Show that the coefficient of the middle term in the expansion of `(1+x)^(2n)`is equal to the sum of the coefficients of two middle terms in the expansion of `(1+x)^(2n-1)`.

The expansion of `(1+x)^(2n) " contains " (2n +1) " terms and therefore, the " (n+1) ` th term is the middle term.
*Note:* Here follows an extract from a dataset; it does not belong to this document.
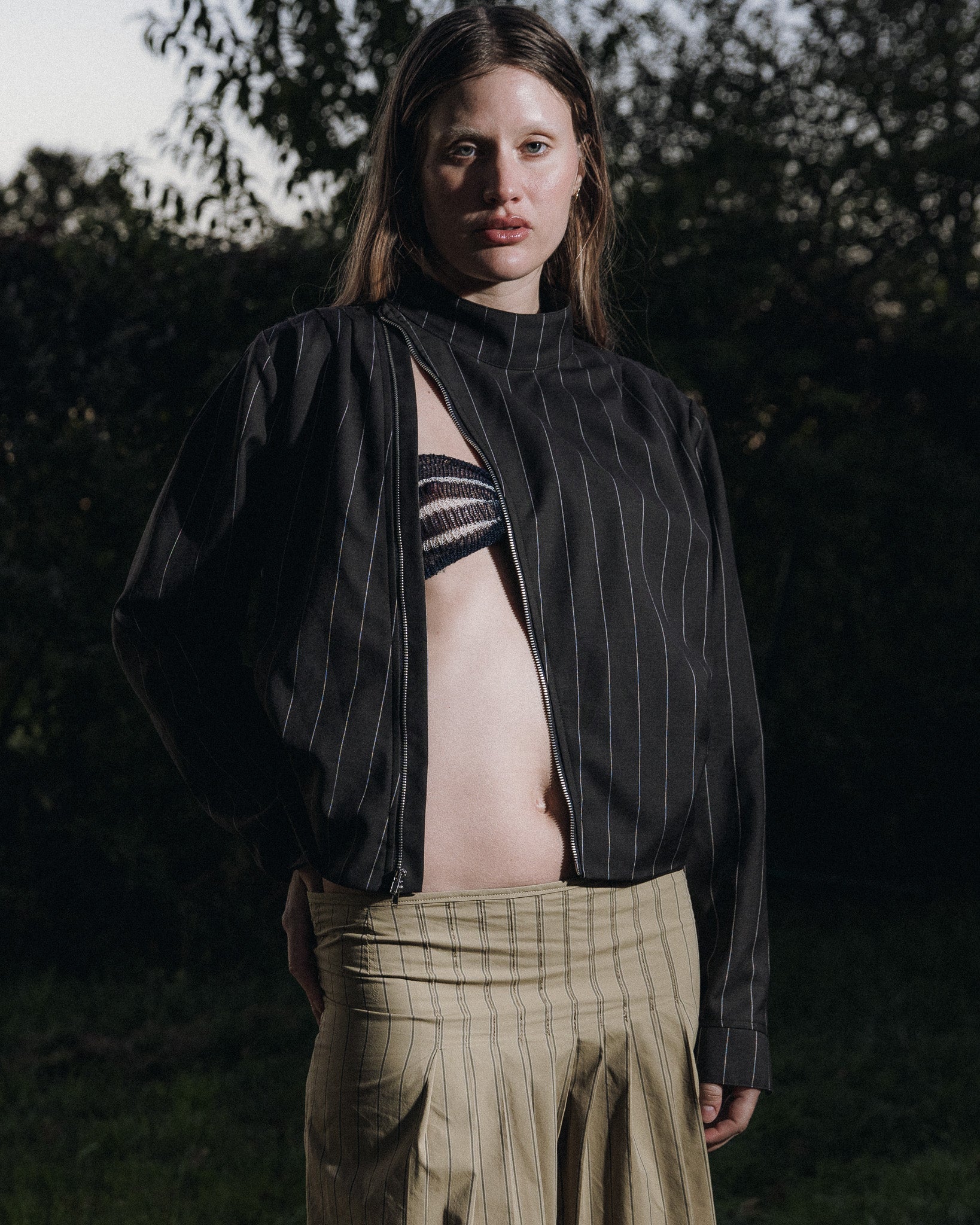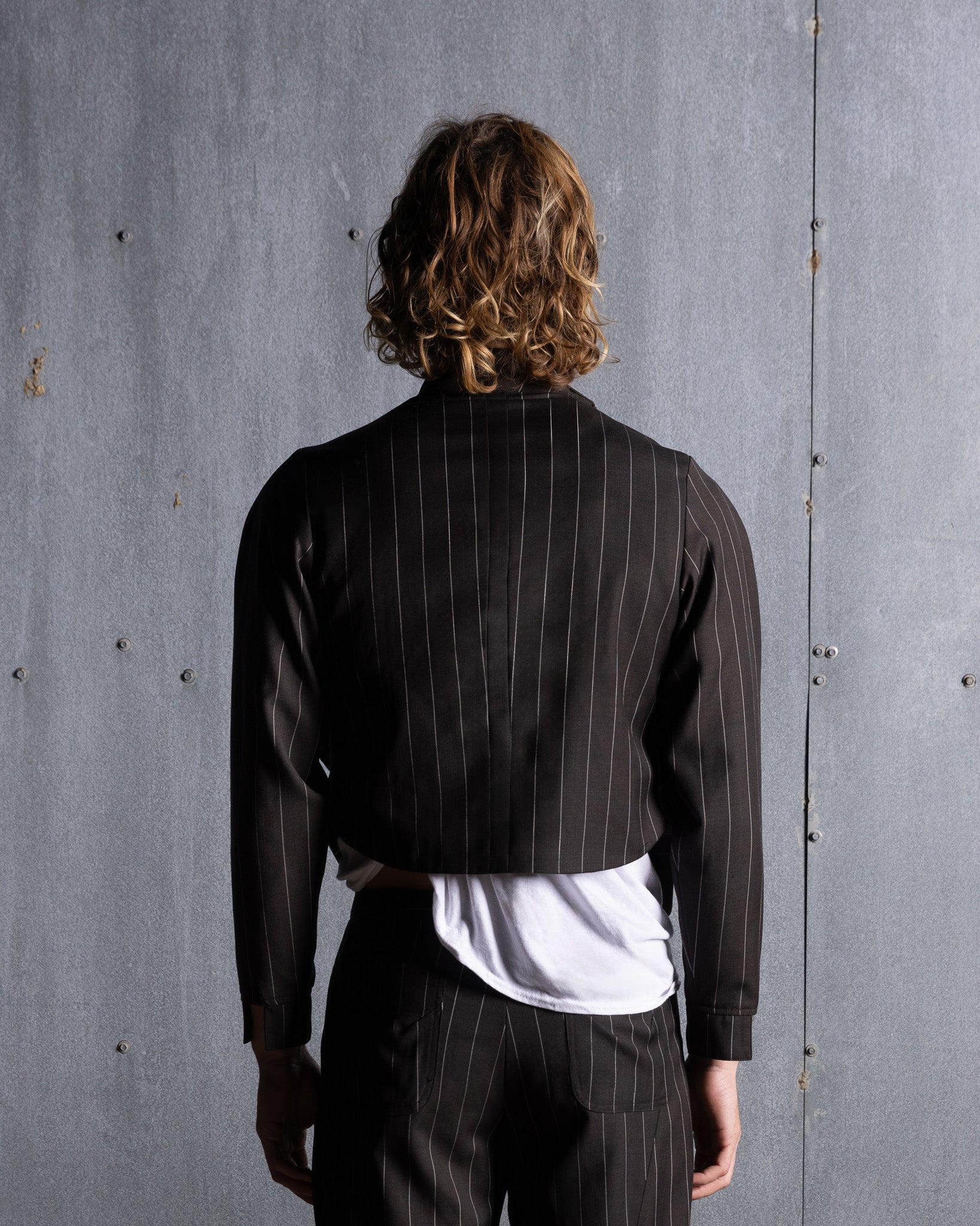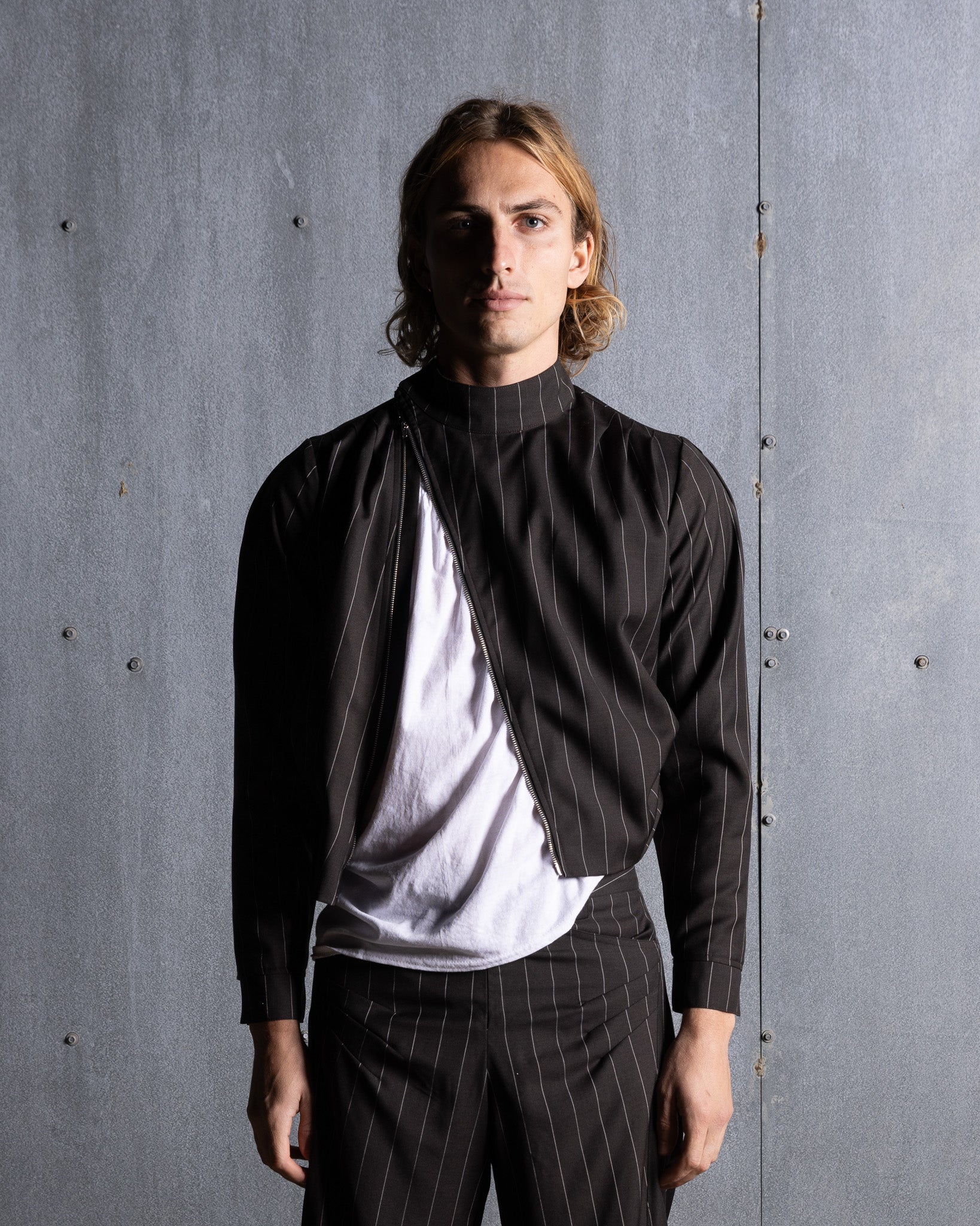 Asymmetrical suit jacket featuring pleats at the shoulder and side seams for a draped effect. Two-way metal zipper across the front and stand collar with metal snap closure. Elegant center back seam detail. Made with our classic fine wool suiting, silk lining.
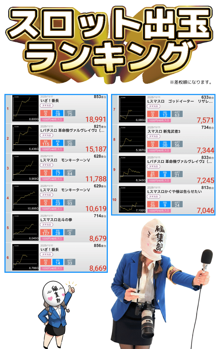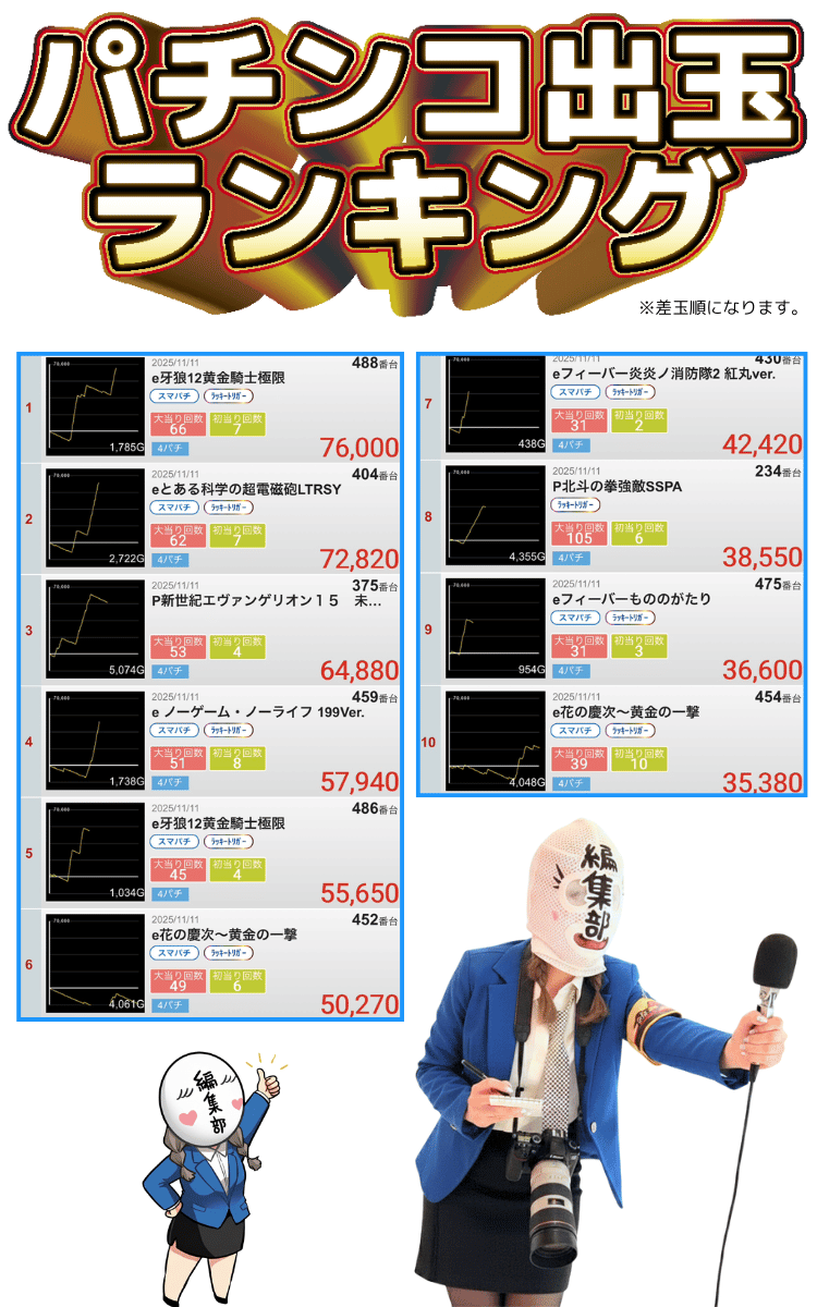 パチンコエリアではe牙狼12、e超電磁砲が7万発超えでランクイン!

`:.` the middle term in the expansion of `(1+x)^(2n)` is given by
`t_(n+1) = .^(2n)C_(n)x^(n) = ((2n)!)/((n!)*(n!)) x^(n) = ((2n)!)/((n!)^(2)) x^(n).`
Thus, the coefficient of the middle term of `(1+x)^(2n) " is "((2n)!)/((n!)^(2)).`
Again , the expansion of `(1+x)^(2n-1)` contains 2n terms.
So, the middle terms are the nth and the `(n+1)` th terms.
Now, `t_(n) = t _((n-1)+1)= .^(2n-1) C_(n-1) x^(n-1) and t_(n+1)= .^(2n-1) C _(n)x^(n).`
` :.` the sum of the coefficients of the middle terms of `(1+x)^(2n-1)`
`=.^(2n-1)C _(n-1) + .^(2n-1) C _(n)`
`=((2n-1)!)/((n-1)! xx (n!)) + ((2n-1)!)/((n!) xx (n-1)!)`
` = ((2 xx(2n-1)! xx n))/((n!) xx n xx (n-1)!)" "` [multiplying num. and denom. by n]
`((2n)* ( 2n-1)!)/((n!)*(n!))=((2n)!)/((n!)^(2))`
= the coefficent of the middle term of `(1+x)^(2n)`.